The major US stock market averages shot up this morning in response to corporate earnings announcements and economic data. The Dow and SPX are currently up 185 pts & .5%, respectively. Nine of eleven market sectors are trading higher. Interestingly, the defensive sectors—utilities, consumer staples, real estate—are bouncing back after a rough couple of weeks. But we’re also getting participation from some cyclical groups (semiconductors, biotechs, retailers). Both the dollar and commodities are modestly higher. WTI crude oil bounced back to $64/barrel. Bonds are selling off again as yields head higher. The 5-year and 10-year Treasury yields ticked up top 2.38% and 2.56%, respectively. The 10-year runs into resistance at 2.63%. 
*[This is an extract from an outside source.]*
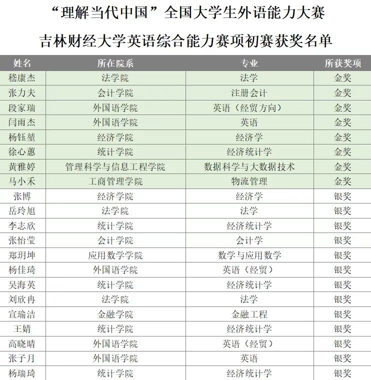 本网讯(公共外语教研部 供稿)2024年9月27日,Beat365中文官方网站公共外语教研部承办的2024年“外研社·国才杯”“理解当代中国”全国大学生外语能力大赛Beat365中文官方网站赛区选拔赛圆满落幕。大赛受到了全校学生的关注与重视,共有800多名同学报名参赛。经过严谨认真的评审,最终评选出7名获金奖同学代表学校参加11月份的吉林省总决赛。在英语演讲赛项中,4人荣获校级金奖,6人银奖 ,10人铜奖;在英语综合能力赛项中,8人荣获校级金奖,25人银奖,39人铜奖;在英语笔译赛项中,5人荣获校级金奖,15人银奖,25人铜奖。所有获奖选手将获得由大赛组委会颁发的电子证书。此次比赛的成功举办,充分展示出Beat365学生的外语能力与水平,也展示了Beat365外语教学所取得的成果,有利于构建 “教・赛・创融合” 的外语育人新模式。(审核人 苗国新)

US industrial production surged .9% in December from prior month levels. Economists were anticipating about half that much. So now production—including output from factories, mines and utilities—has accelerated for four straight months. In addition, capacity utilization in the nation’s factories climbed all the way to 77.9%, a level we haven’t seen since the beginning of 2015. As a rule of thumb, factory capacity utilization hovers around 80% only when the economy is faring well. According to Bloomberg, the “economy ended 2017 on a high note. Output growth appeared to be accelerating as both households and businesses felt more confident…”

Bank of America (BAC) missed Wall Street revenue forecasts but beat earnings-per-share expectations. Profitability improved during the quarter, and net interest income rose 11%. The bank saw loans and deposits grow, but Wall Street may take issue with the slow rate of loan growth. The CEO talked about the impact of tax reform, saying he expects BAC’s effective tax rate to fall to 20% from 29% currently. The stock is down about 1% at the moment. 

And by the way, Bank of America just issued a warning to its customers on Bitcoin. The bank, which owns Merrill Lynch, has just banned its financial advisors from buying cryptocurrency investments for their customers. CEO Brian Moynihan said he is limiting BAC’s exposure to crypto and “customers should be careful here.” He also noted that cryptocurrencies are useful for criminals because fund flows are hard to track. Separately, the CEO of Wells Fargo said today that Bitcoin “is a pyramid scheme. It makes no sense.” And he issued his own warning, which we haven’t heard from anyone else: if cryptocurrencies crash, “it will spill over into equities.” Bitcoin has recently fallen 50% from its highs. 

In a move that can be described as boring but potentially important, new accounting rules from the Financial Accounting Standards Board (FASB) are set to change the way US companies report their partial ownership stakes in other companies. Bloomberg ran an article today about the rule change. These holdings are called “equity investments” and are common for large publicly-traded companies. Berkshire Hathaway (BRK/B), for example, holds a large number of shares in Coca-Cola (KO) and American Express (AXP). Anyway, going forward Berkshire will have to account for the change in value of those stock holdings on its financial statements. And that means more fluctuation for the company’s earnings per share. Berkshire’s CEO Warren Buffett refers to the accounting change as a “nightmare” because it will distort the profitability of his company. But I want to emphasize that for professional analysts and investors, the rule change doesn’t really matter. That’s because investors know that stock investments are only a sideline for Berkshire, and don’t matter all that much. Much more important are the operating businesses fully owned by the company—like insurance and railways. And more generally, for any publicly-traded company, analysts are always stripping out unimportant or one-time items from financial statements in order to understand the health of the main underlying business.